Dataset records START

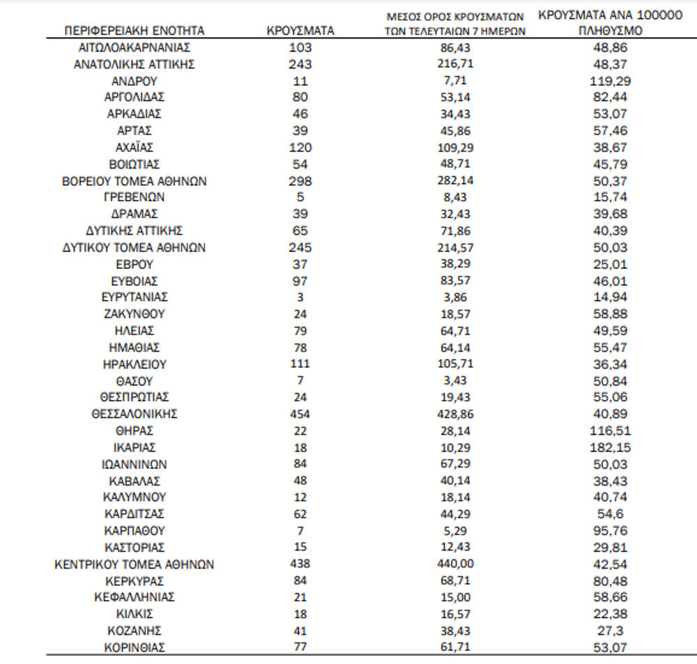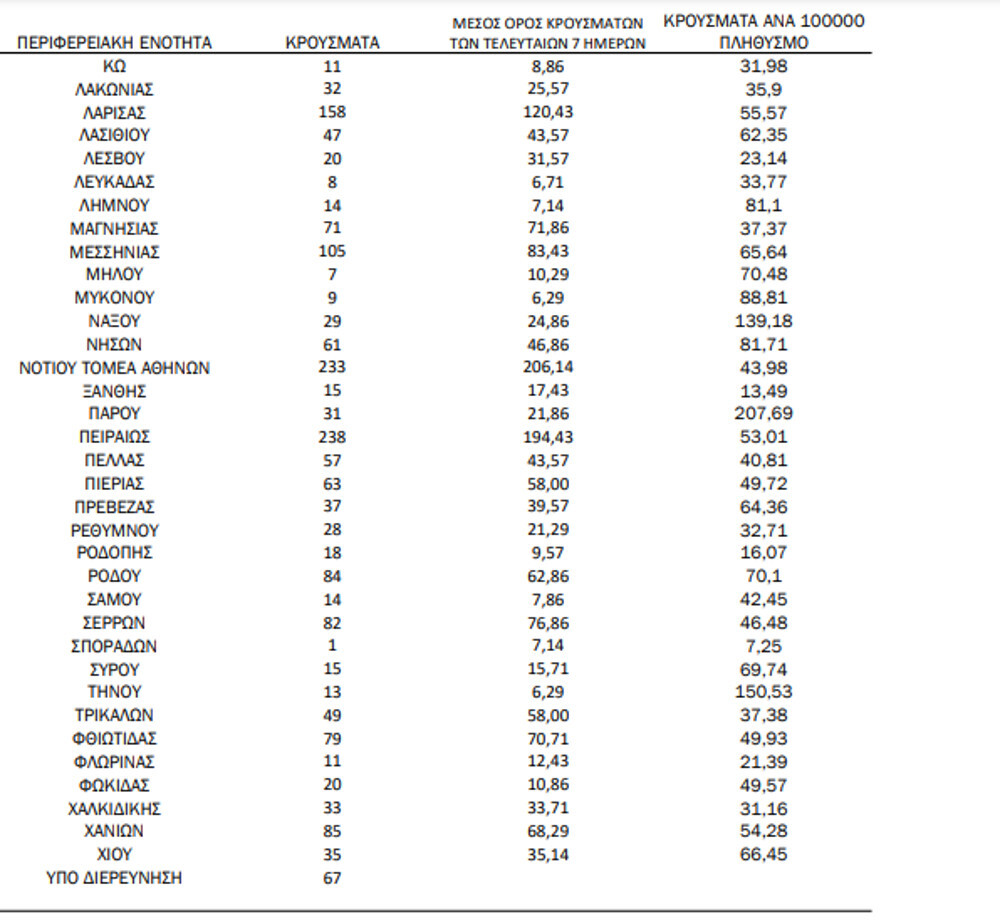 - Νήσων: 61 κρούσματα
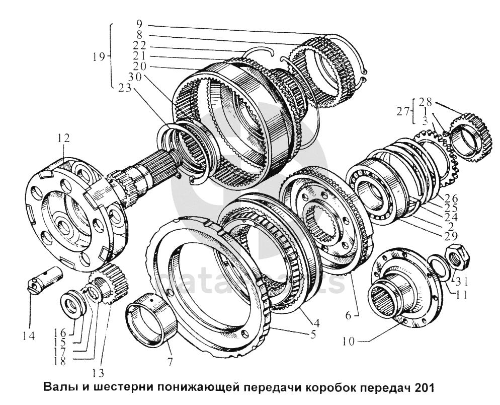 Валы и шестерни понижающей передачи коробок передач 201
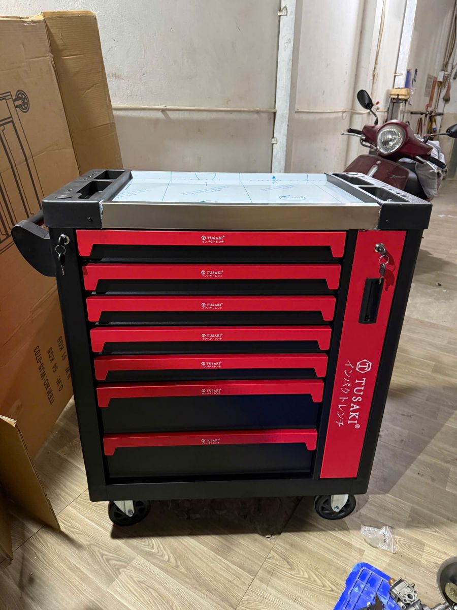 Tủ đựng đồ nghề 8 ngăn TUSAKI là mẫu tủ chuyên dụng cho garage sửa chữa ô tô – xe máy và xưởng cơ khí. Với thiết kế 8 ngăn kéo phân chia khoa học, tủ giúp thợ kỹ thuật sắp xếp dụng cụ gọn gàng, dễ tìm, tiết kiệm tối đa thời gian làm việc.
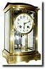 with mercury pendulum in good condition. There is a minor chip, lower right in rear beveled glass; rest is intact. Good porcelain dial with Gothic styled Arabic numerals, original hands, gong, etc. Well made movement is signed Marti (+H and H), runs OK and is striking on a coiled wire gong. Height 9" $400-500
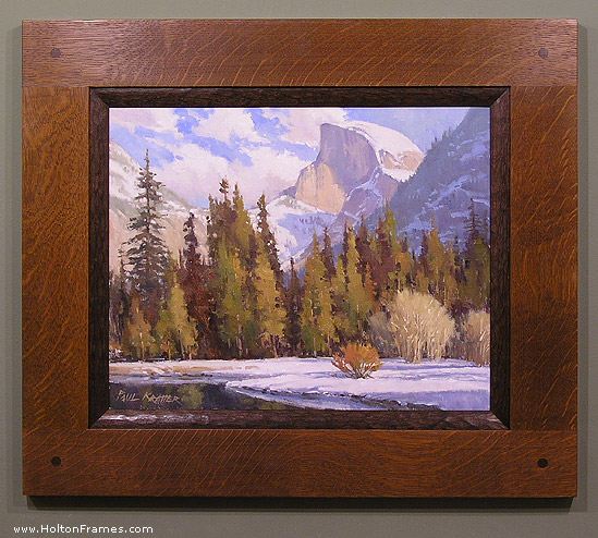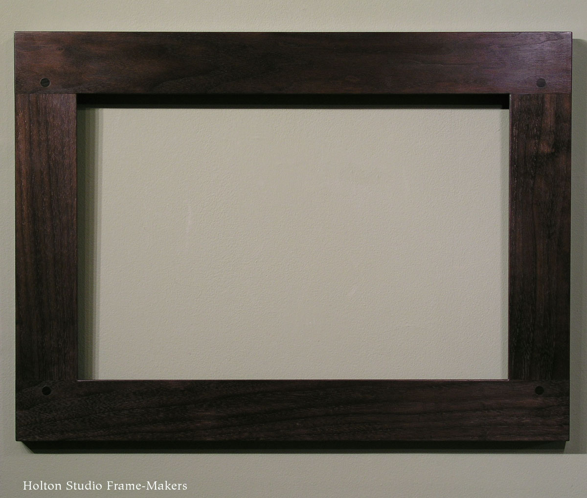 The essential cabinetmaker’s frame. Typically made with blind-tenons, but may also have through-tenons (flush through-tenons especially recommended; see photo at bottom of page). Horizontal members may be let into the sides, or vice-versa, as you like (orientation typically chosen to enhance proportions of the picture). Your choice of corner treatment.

Dataset records END

Copy every entry exactly; drop the pictures.

 - Νήσων: 61 κρούσματα
 Валы и шестерни понижающей передачи коробок передач 201
 Tủ đựng đồ nghề 8 ngăn TUSAKI là mẫu tủ chuyên dụng cho garage sửa chữa ô tô – xe máy và xưởng cơ khí. Với thiết kế 8 ngăn kéo phân chia khoa học, tủ giúp thợ kỹ thuật sắp xếp dụng cụ gọn gàng, dễ tìm, tiết kiệm tối đa thời gian làm việc.
 with mercury pendulum in good condition. There is a minor chip, lower right in rear beveled glass; rest is intact. Good porcelain dial with Gothic styled Arabic numerals, original hands, gong, etc. Well made movement is signed Marti (+H and H), runs OK and is striking on a coiled wire gong. Height 9" $400-500
 The essential cabinetmaker’s frame. Typically made with blind-tenons, but may also have through-tenons (flush through-tenons especially recommended; see photo at bottom of page). Horizontal members may be let into the sides, or vice-versa, as you like (orientation typically chosen to enhance proportions of the picture). Your choice of corner treatment.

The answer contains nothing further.